The terminology used in the industry also needs updating. Livestock technician is more applicable to a stockman’s role these days than pigman. IT and computer skills are very much part of the job, alongside stock skills and a key understanding of health and welfare. But a job like this also requires practical aptitude and empathy with animals, skills that aren’t easy to demonstrate in the classroom or via examinations.
According to Clive, many of the youngsters at Easton and Otley find formal, classroom-based education difficult, whereas the more practical route enables them to learn effectively. Again, it’s about making the connection between, say, the numeracy/literacy requirements of an academic education and how that can be integrated alongside vocational roles.
“For example, if you weigh pigs to select for market, you must collect and process data, then analyse it and work out what these figures are telling you,” he says. “It’s numeracy and literacy working in practice and many youngsters can grasp these fundamentals far easier from a practical perspective than they can through classroom tuition.

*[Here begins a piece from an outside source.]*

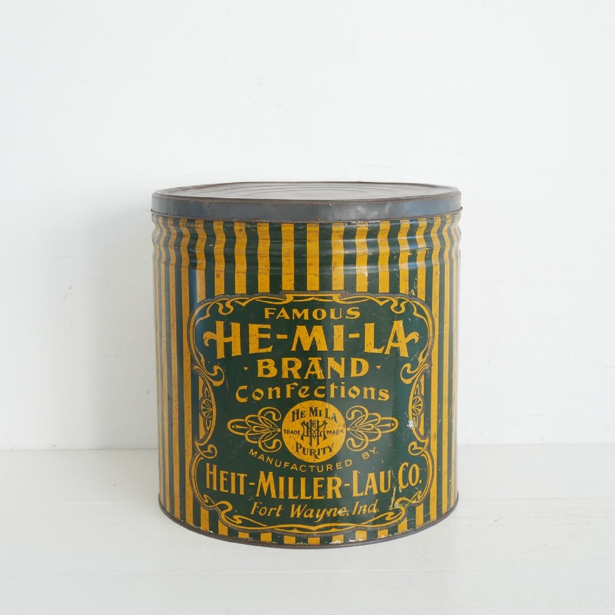 - 希少!1920s HE-MI-LA アンティーク ブリキ缶 / アメリカ 菓子の缶詰 ヴィンテージ ディスプレイ小物 #610-40-320-133

“And while they’re here achieving this, they’re also learning about land-based industries and the career opportunities they can offer.”
As an industry, the pig sector must address these issues. Clive says other vocational sectors, such as construction and the engineering industry, probably experience the same recruitment problems. He believes reconnecting young folk with practical education options, rather than focusing purely on academic routes, could provide some solutions.
The farming sector needs young entrants that are employable and skills such as reliability, good communication and commitment are vitally important. More specific, job-related skills can be learned once they’re in work and vocational training supports this premise.
The pig sector needs to be brave and seek out potential recruits from places where agriculture may not be on the radar. With the school leaving age now set at 18 years of age, there could be a multitude of youngsters looking at vocational qualifications that provide clear prospects of progressive employment and a decent wage.
The pig industry ticks many of these boxes; it now needs to sell itself to a younger generation where farming is not necessarily in the blood.